I cringe each time that there are proposed amendments, because actually the JSE has said, look, we’re putting our best foot forward here. These are some of the proposals that we think would make the market’s life just a little bit easier. There’s a consultation process where everyone will respond and cry and say this is a potential loophole, or this isn’t that helpful, actually. Following that process, we’ll actually get proposed amendments. And I think from there we’ll consult again and eventually get to rules that we can all be happy with.
NOMPU SIZIBA: It does sound like quite a process that you’ve outlined for us, but when do you think these proposals would actually kick in? And do you think that they would be sufficient for companies to stay listed, as well as to entice new ones to come on board?
RIYAAD CRUYWAGEN: I can’t say how long it will take. This is a very new process from the JSE, to be honest. It’s sort of first putting their proposals out to the market. I think it will be some time before we actually see the amendments coming across.

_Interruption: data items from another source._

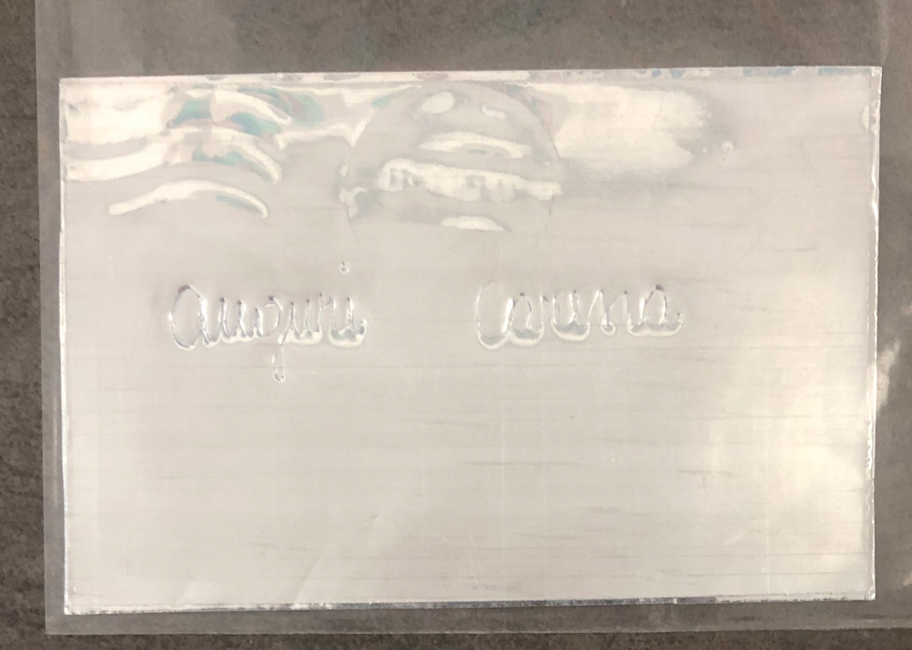 Biglietto augurale in superficie riflettente argento recante dicitura impressa 'Auguri Carena'
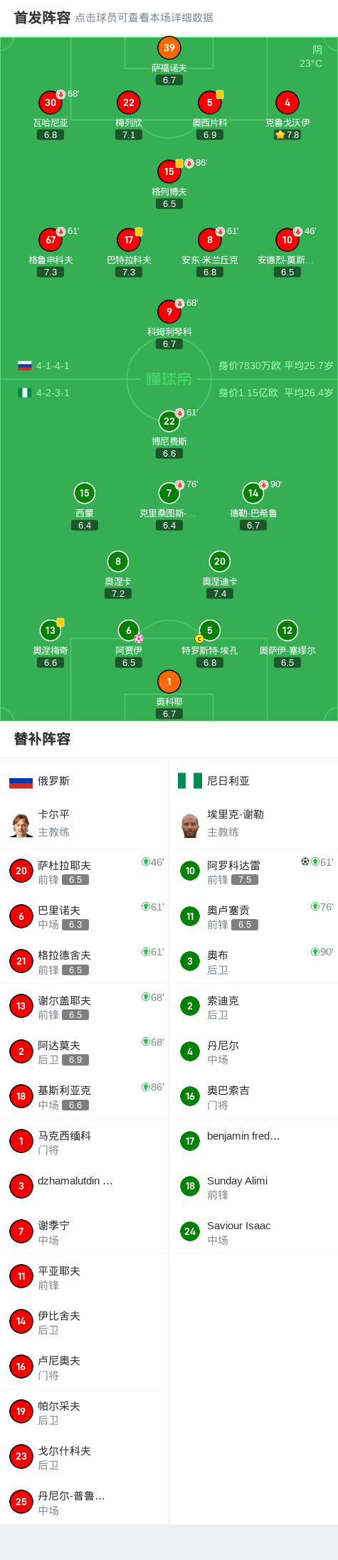 俄罗斯1-1尼日利亚,阿罗科达雷建功
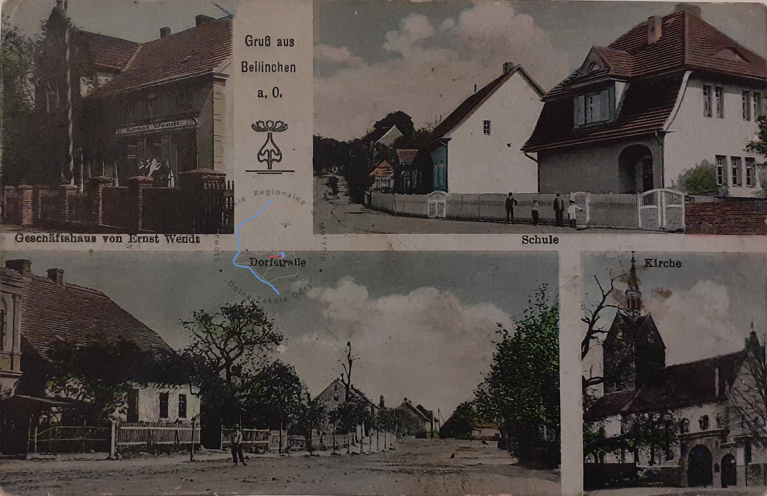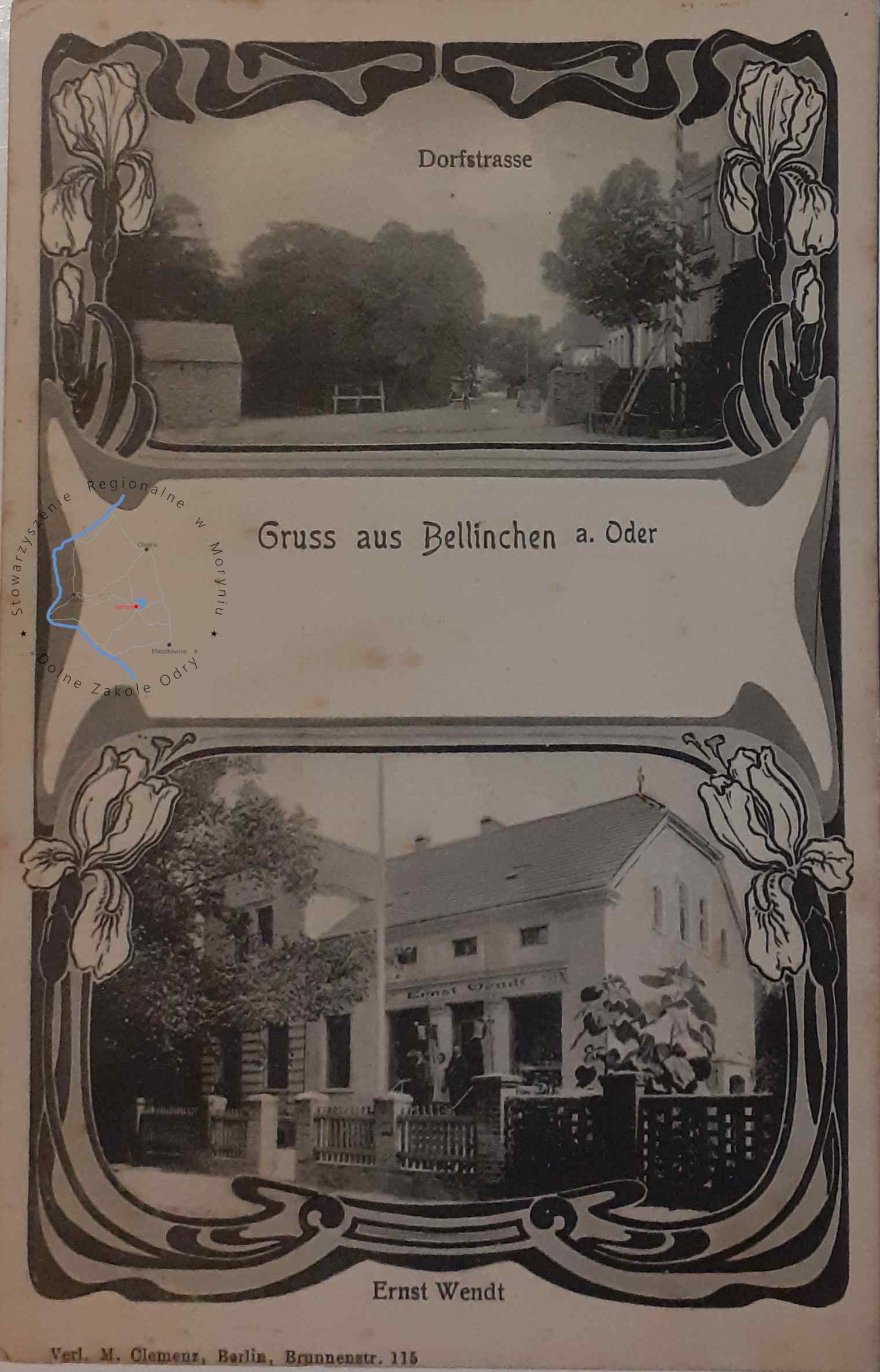 Pocztówka bez obieguWydawca: M. Clemenz, Berlin, Brunnenstr. 115BIELINEK Dawna ulica Wiejska i budynek Ernst Wendt

As for whether they can keep companies listed, I think it will help, certainly. For example, in the ordinary course of business, it really is a most interesting one to hear. I know of many issuers that really struggle because the way that you categorise transactions makes it very difficult for you sometimes to proceed and just do business in the ordinary course.
If the rules did not change, I would sit and maybe wonder whether this listing achieves everything that is such an impediment to our business. Something like that will go a long way to keeping people interested in remaining on that stage.
As for enticing new ones, I think time will tell. It’s one of those things where with Covid we are still trying to get the economy to revive, to try and list a company, and ongoing regulations ultimately add a massive cost to that. So I think that’s sort of a broader ‘where are we going with the economy’ question.
NOMPU SIZIBA: That was Riyaad Cruywagen, a partner at Webber Wentzel.